There are many experiments that do not need Cern's LHC
but could use older genration accelerators. There are many
interpretations of quantum mechanics that need to be studied.

Engineering wants to replace experimental physics with simulation
especially by quantum computers (that was Feynmann's orginal
proposal for quantum computing). Aaronson from U Texas
has papers arguing physics should be replaced by digital
simulation. Energy and Entrophy are coding theory in his
view.

The physicists who taught me were sceptial of formal mathematics in
physics. Physics mathematics was differential geometry in their
view.

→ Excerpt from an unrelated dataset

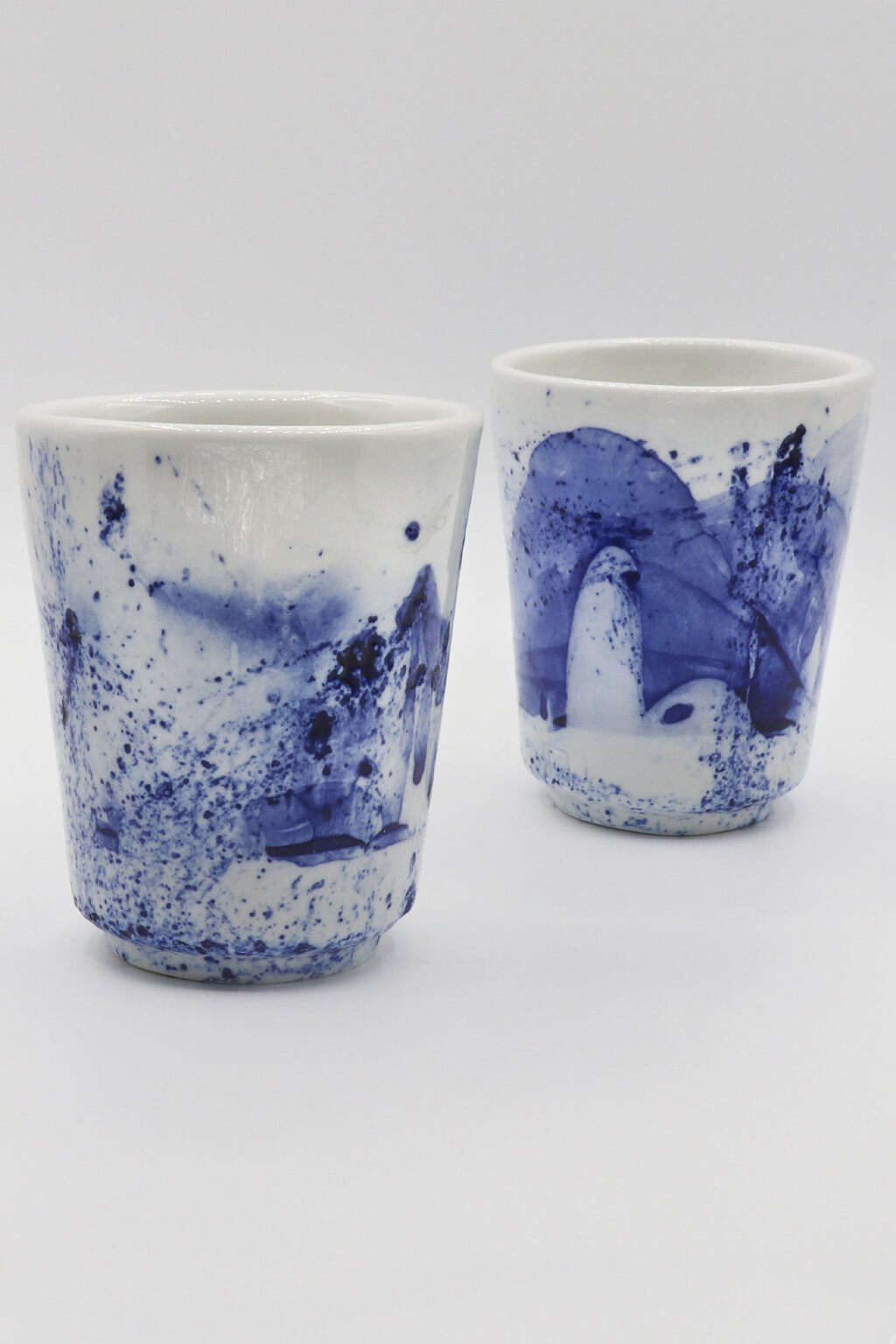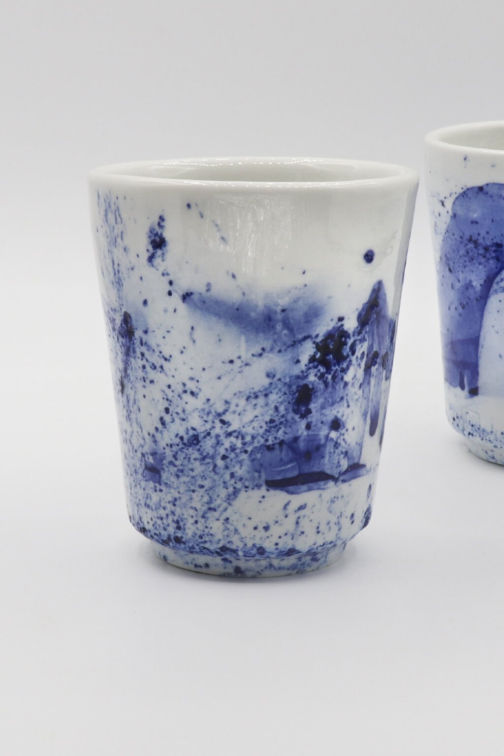 Jemne štruktúrovaný kalíšok je zdobený kobaltom, pričom táto technológia pracuje s prvkom náhody, a preto je každý kus jedinečný a neopakovateľný.

Now nearly all theoretical physics is formal mathematics such
as manifold topology and reality studied as space time curvature.

The point I was trying to make is that the US won't be able to
compete in semiconductors just by cutting costs. We need
basic research of the Bell labs type. I bet is someone
asked Nobel Prize winner and critic of AI Roger Penrose for
ibasic research ideas to improve semiconductor soldid state
physics and fab processes, he would have ideas.
 
I thought of an example of need for basic research in
semiconductor area. Circuit simulation is still performed
using ancient Spice. It goes back to the late 1960s and
1970s when solid state physics was an important theoretical
reseach area. It is still always used. Research is needed
to develop better ways to simulate circuits. I see the problem
as the cartelization of the US high tech industry.